Paolo Gentiloni (Pd), formatosi secondo Lerner nella «cultura del pacifismo e del disarmo» — come si sa, in Italia tutti sono stati da giovani contro la guerra, (perfino Benito Mussolini) — è però ora esponente di quello schieramento politico bipartisan che, stracciato l’articolo 11 della nostra Costituzione (e l’allora trattato di amicizia italo-libico), ha messo a disposizione nel 2011 le basi e le forze aeree e navali dell’Italia per la guerra Usa/Nato alla Libia. In sette mesi i cacciabombardieri, decollando per la maggior parte dall’Italia, effettuavano 30mila missioni, di cui 10mila di attacco, con impiego di oltre 40mila bombe e missili.
Venivano allo stesso tempo infiltrate in Libia forze speciali, tra cui migliaia di commandos qatariani e occidentali. Venivano finanziati e armati i settori tribali ostili al governo di Tripoli e anche gruppi islamici fino a pochi mesi prima definiti terroristi.
Tra questi, i primi nuclei del futuro Isis, frutto diretto della «sacrasonta», per Gentiloni, cacciata di Gheddafi — che, dopo aver contribuito a rovesciare il Colonnello libico, sono passati in Siria per rovesciare Assad.
Una domanda: ma se è sacrosanto l’abbattimento di Gheddafi perché non dovrebbe essere altrettanto «sacrosanto» l’Isis che è stato il prevedibile effetto collaterale di quella guerra voluta a tutti i costi dalla Nato?
Qui in Libia, a Bengasi l’11 settembre 2012, le milizie jihadiste si sono ribellate agli alleati e istruttori Usa assaltando il consolato americano e uccidendo l’ambasciatore Chris Stevens. Uno smacco per gli Usa. Si dimise il capo della Cia Petraeus e uscì di scena il segretario di Stato Hillary Clinton (è la spina nel fianco della sua candidatura presidenziale).
E in Siria, nel 2013, è nato l’Isis che ha ricevuto finanziamenti, armi e vie di transito dai più stretti alleati degli Usa (Arabia Saudita, Qatar, Kuwait, Turchia, Giordania) in un piano coordinato da Washington (in barba al «disimpegno occidentale» di cui parla Lerner), lanciando poi l’offensiva in Iraq.
Ma a quanto pare per l’Italia è come se questo disastro non fosse mai accaduto. È la stessa Italia che ha contribuito ad appiccare «l’incendio» di cui parla Lerner, scaturito dalla demolizione dello Stato libico e dal tentativo, non riuscito, di demolire quello siriano in base agli interessi strategici degli Usa e delle maggiori potenze europee, provocando centinaia di migliaia di vittime (per la maggior parte civili) e milioni di profughi.
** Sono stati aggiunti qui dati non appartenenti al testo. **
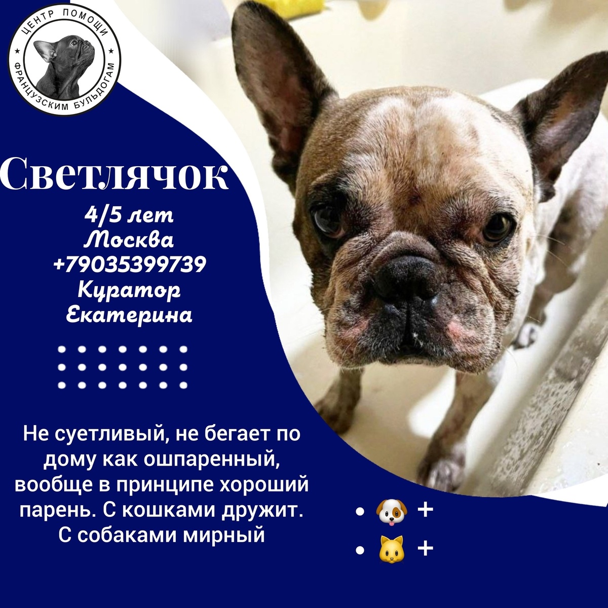 Знакомьтесь с новым малышом , назвали его #Светлячок@frenchbull_help ✨ https://vk.com/topic-144285450_54723861 Мальчик гулял по улицам Воронежа, увидели его неравнодушные люди и хотели забрать, НО мимо проходящие девушки, сказали, что собака их брата и нечего его трогать, нагуляется и вернется домой 😡 В последующие дни его так же не однократно видели…. Были написаны посты и объявился хозяин, который сказал забирать парня, только без возврата, а то время у мальчонки до 23 августа осталось.... Почему ему отмерен такой срок, никто не знает 🤷🏼 Привезли в Москву, доктор в клинике (повидавшая не мало булок) ужаснулась какой он грязный, моет, моет, а грязь не заканчивается …. Мальчик добрый, нежный, недолюбленный, недоласканный, прижимается к человеку, чтобы его гладили. Вообще, весь положительный буль. Ни к кому не пристаёт, ни на чем не настаивает, приходит и из под лобья не злобно, но обиженно смотрит. Игрушками не интересуется, подойдёт понюхает и отходит. 👉 https://vk.cc/cOhh6Y

La battuta non-sense di Gentiloni che gli Usa sono «strategicamente meno interessati di noi alle sorti del Medio Oriente» è un penoso tentativo di nascondere la realtà.
Il lancio in Libia di una operazione di «peacekeeping» (ossia di guerra, visto il caos militare libico), con l’Italia in prima fila, rientra nei piani di Washington che, non volendo impegnare truppe Usa in una operazione terrestre in Nordafrica (che nella strategia Usa è considerato un tutt’uno col Medio Oriente), cerca alleati disponibili a farlo e a pagarne costi e rischi.
Già nel giugno 2013, nell’incontro col premier Letta al G8, il presidente Obama chiese «una mano all’Italia per risolvere le tensioni in Libia». E Letta, da scolaro modello, portò il compito già fatto: «Un piano italiano per la Libia».
Quello che il premier Renzi ha copiato e ora ripropone per bocca del sacrosanto Gentiloni, promosso a ministro degli esteri anche per i meriti acquisiti quale presidente della sezione Italia-Stati Uniti dell’Unione Interparlamentare.